Many, though, think that the HoR has its own hidden agenda in calling for the removal of the prime minister. The legislature is not being “honest and particularly speaker Saleh,” according to Benghazi lawyer Fatima Hussein, who told Al-Monitor the HoR is making Dbeibeh a “scapegoat” to further delay proposed elections. 

The HoR came up with its own road map calling for elections to take place no later than 14 months from now, going against the LPDF's adopted road map that envisions polling to take place by June this year after they were suspended last December.

Saleh and many others are using the controversy surrounding Dbeibeh to discredit Williams by accusing her of interfering in Libya’s internal affairs. After a Feb. 1 session, the HoR issued a statement calling on the Foreign Ministry to take the necessary “diplomatic” steps to inform “the Secretary-General of the United Nations to stop foreign interference in Libyan affairs.” Hussein thinks that indeed Williams is not mentioned by name but she is the “target here and the goal is to disrupt” her work. 

There is no evidence that Williams supported corrupt officials like the prime minister to stay in power, but every comment she makes is immediately interpreted as support for the GNU despite its dismal record.
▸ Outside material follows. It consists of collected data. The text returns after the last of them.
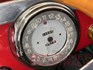 The olive green upholstery is a bold colour choice but it just works on this car, contrasting perfectly with the red paint. The leather shows light patina, presenting just like your favourite leather jacket that has been worn regularly but always cared for. There are no rips or tears in any of the upholstery. The seating position is typical for cars of that era, being quite upright, but it is relatively comfortable. The matching green carpet is also in good condition. The timber rimmed steering wheel and the two main instruments, being the counter rotating tacho and speedo, are a real feature. The fuel gauge, operated by a dash mounted button, sits within the tacho and it is a quite something! The level is indicated by how many lights come on. On our test drive all of the instruments looked to be in working order.
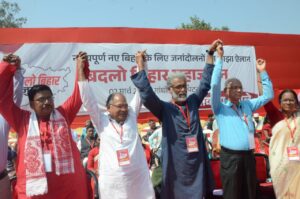 2. 1857 के पहले स्वतंत्रता संग्राम से लेकर रजवार विद्रोह, जमींदारी राज के खिलाफ जुझारू किसान आंदोलन, त्रिवेणी संघ आंदोलन, समाजवादी और कम्युनिस्ट आंदोलनों की इस धरती से बदलाव की जो आवाज उठी है, वह पूरे देश को एक नई दिशा देगी। जब-जब देश में संकट आया है, बिहार संघर्ष के अग्रिम मोर्चे पर खड़ा रहा है। यह महाजुटान फासीवादी भाजपा द्वारा बिहार को पीछे धकेलने, बिहार की सत्ता हड़पने और यूपी की तरह बिहार को सांप्रदायिक हिंसा की आग में झोंकने की हर साजिश का मुंहतोड़ जवाब देने का आह्वान करता है। हम उसे नाकाम बनाते हुए बिहार की ऐतिहासिक विरासत पर खड़े होकर बिहार को आगे बढ़ाने का संकल्प लेते हैं।
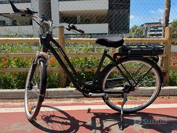 Bicicletta elettrica a pedalata assistita Elops 900 BTwin. Perfettamente legale, Appena revisionata, completa di due batterie, freni a disco, ammortizzatori anteriori, sella imbottita, cambio Shimano, display digitale, tre potenze disponibili, specchietto retrovisore. Vendo per poco utilizzo. Solo consegna a mano, vista e piaciuta. Costo da nuova circa 1.200 euro
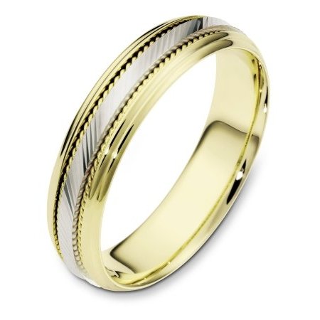 14 kt two-tone hand made, wedding band 5.5 mm wide. The center of the ring has a design with milgrain on each side of the design. The whole ring is polished. Different finishes may be selected or specified.
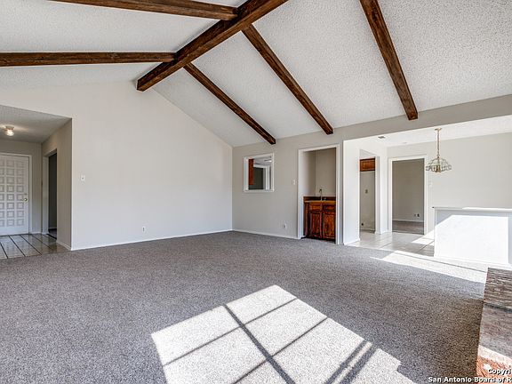 Welcome to this 3-bedroom, 2-bath home in the desirable Oak Hollow Estates. This single-story home offers 2,022 square feet of living space, sits on a .22 acre lot with a 2-car garage. Inside, you'll find two living areas and two dining areas, giving you plenty of room to spread out. The second living area has high ceilings with wood beams, a raised brick fireplace, and a butler's pantry. Large windows bring in lots of natural light. The home has been recently updated with new carpet, new flooring in both bathrooms, and fresh interior paint. Located near Highway 281, The Quarry, San Antonio International Airport, and other popular spots-this home offers both comfort and convenience. Home is ready for you to transform it into your own style!!
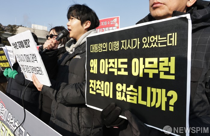[서울=뉴스핌] 양윤모 기자 = 전세사기·깡통전세 피해자 전국대책위원회가 14일 오전 청와대 분수대앞에서 이재명 대통령이 약속하고 지시한 전세사기 대책 이행을 촉구하는 기자회견을 개최했다. 2026.01.14 yym58@newspim.com
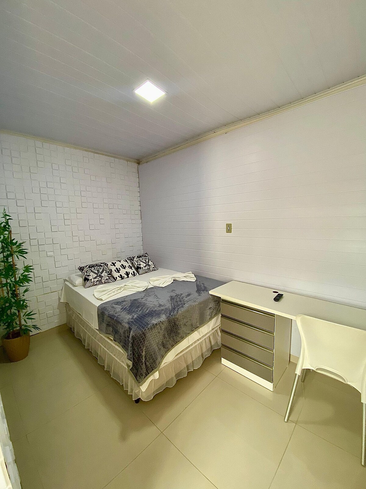 Suite amueblada, acogedora y luminosa, ideal para aquellos que buscan comodidad y practicidad. Ubicado en el barrio de Santa Cruz en Campina Grande, zona tranquila y segura, cerca de mercados, farmacias y transporte público. Tiene cama, TV, aire acondicionado, wifi y baño privado. Perfecto para estudiantes, profesionales o viajeros que valoran un entorno tranquilo y funcional.

In fact, she warns that the new government could further divide the country and does not offer any guarantees that elections will be held on time or that it would government hand over power. 

In an interview with The Guardian, Williams pointed out that her fears are shared by many Libyans who have been angered by the suspended elections. Over 3.5 million Libyans registered to vote in the now delayed polls.
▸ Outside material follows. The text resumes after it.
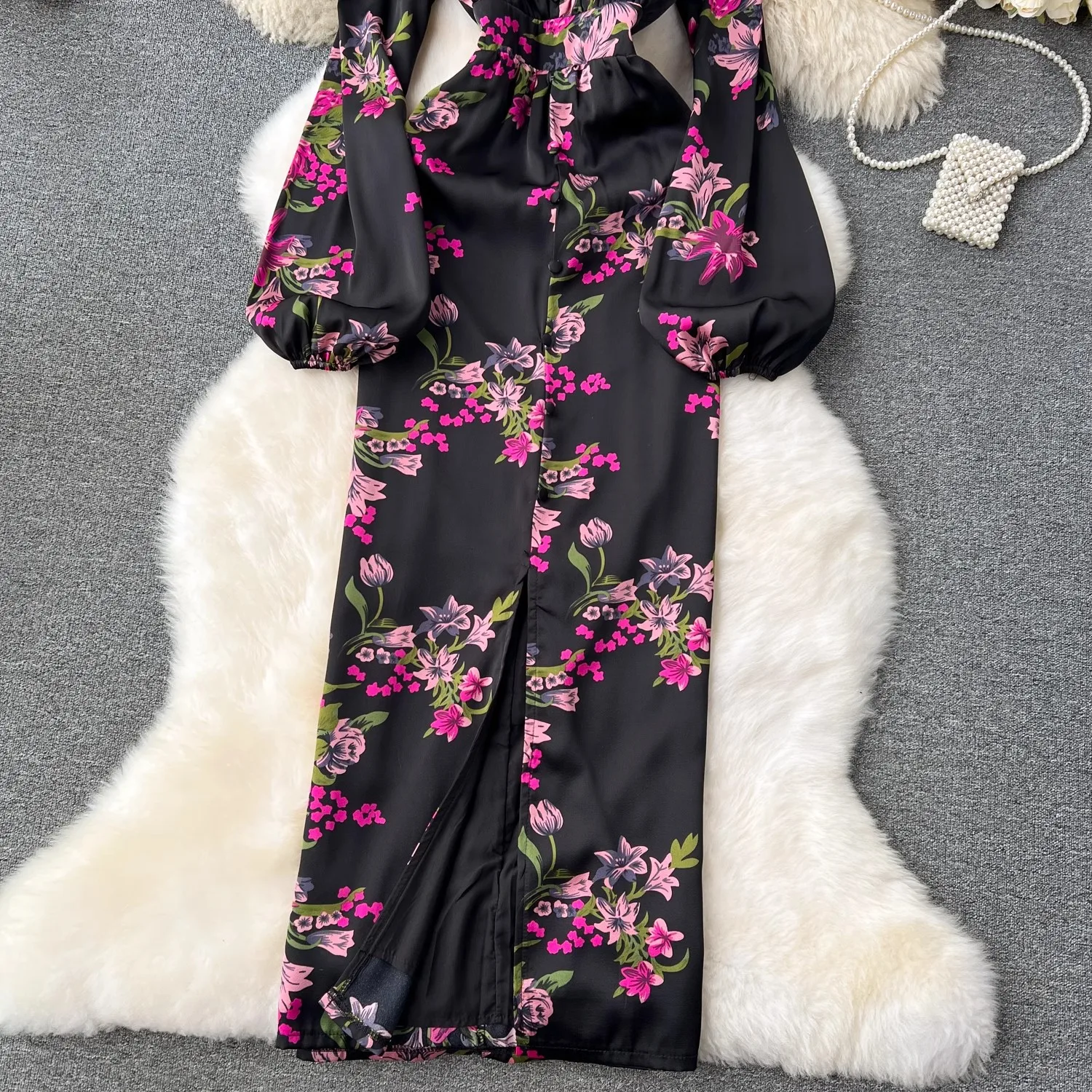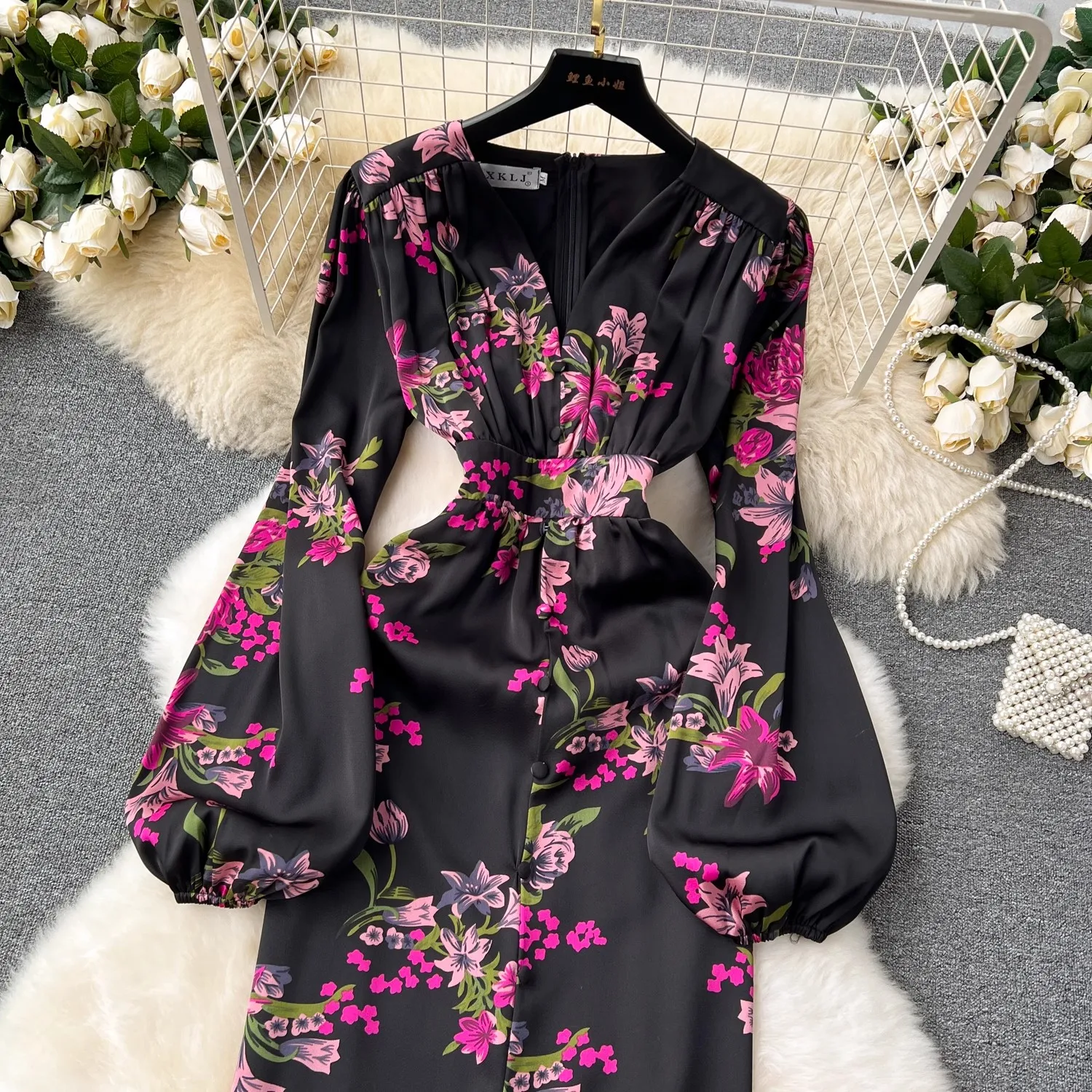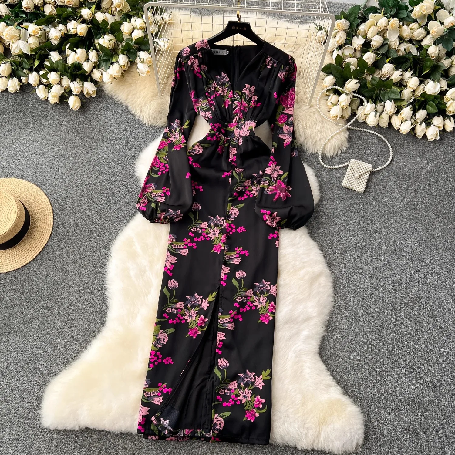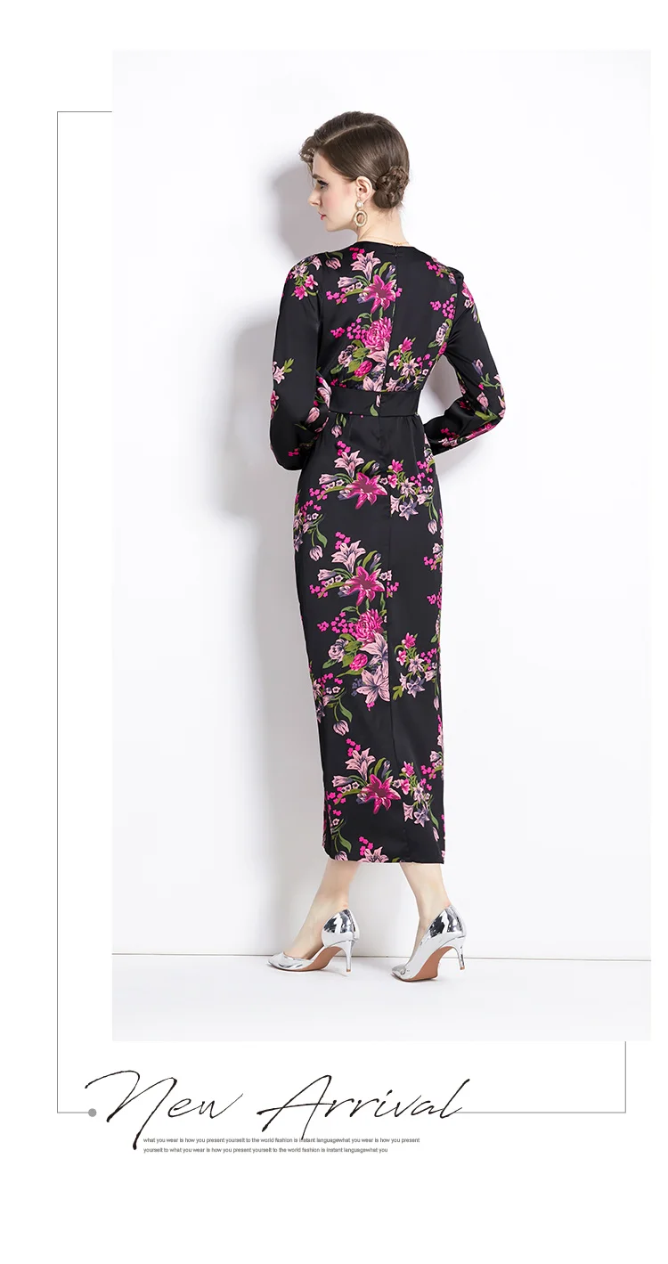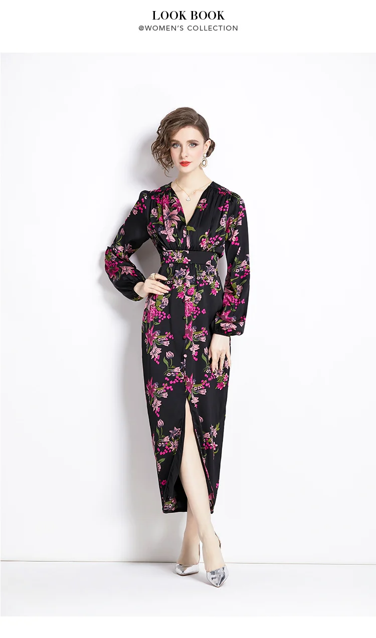 French Vintage Flower Print Lantern Sleeve Dress V Neck Evening Party Prom Vestidos Women Elegant Occasion Pencil Split Clothes

To Salem Belgasem, a political science professor at the University of Benghazi, Dbeibeh's fate is not the issue. What is at stake, he says, is that “Libyans must not be given the chance to vote anytime soon.”
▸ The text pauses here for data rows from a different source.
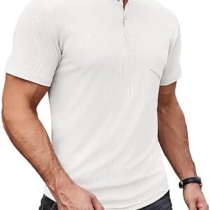 COOFANDY Mens Henley Shirts Short Sleeve Tshirt Basic Button Tees Summer Ribbed Pocket T Shirt Casual Stretch Tops
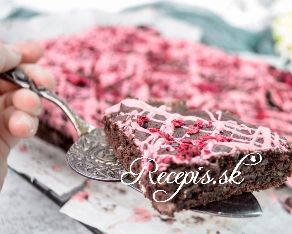 - Po vychladnutí brownies ozdobíme podľa chuti. Ja som použila prifarbenú bielu (vegan) čokoládu a na drobno pokrájané kusy dehydratovanej cvikli.
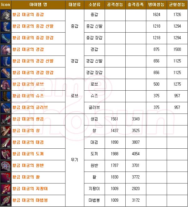 ... 전 보스 몬스터에서 발견되는 '황금 미궁의~시리즈', 4네임드 게르곤이 드랍하는 '게르곤의~시리즈', 최종보스 폭군 바라코스가 드랍하는 '폭군 바라코스의~시리즈'가 있으며, 이중 '폭군 바라코스의~시리즈'만 강화가 가능함을 염두해 두자. 기본 성능은 당연 강화가 불가능한 "황금
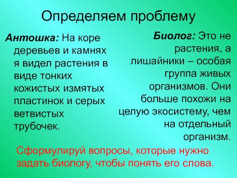 Сформулируй вопросы, которые нужно задать биологу, чтобы понять его слова.
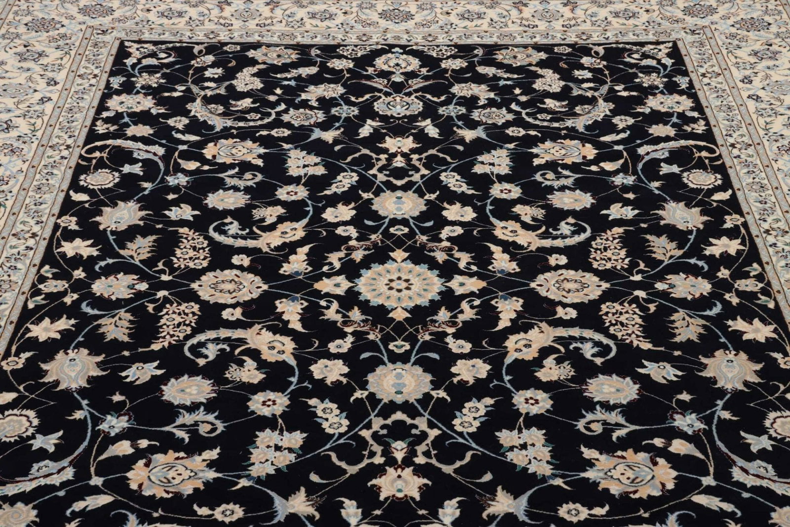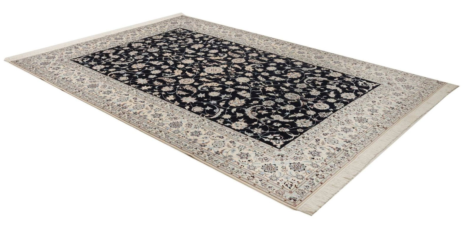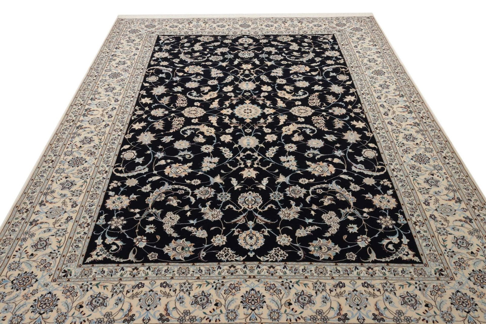 Nain Teppich | Knotendichte: ca. 900.000 Knoten/m² | Material: 100% Schurwolle (Flor), 100% Baumwolle (Kette) | Größe: 210 x 308 cm | Zustand: Neu | Herkunft: Iran | Verarbeitung: Handgeknüpft | Muster: Klassische florale Motive

He explained to Al-Monitor that neither the HoR nor the Higher Council of State consultative body want to leave the political scene yet. In a rare deal, the bodies have agreed on new road map and “elections within 14 months,” which is really like saying, “No elections in the foreseeable future,” Belgasem concluded. 

Now that he has left office, much depends on what Dbeibeh and his supporters will do. There is only one certainty amid the drama: There will be no elections in Libya this year.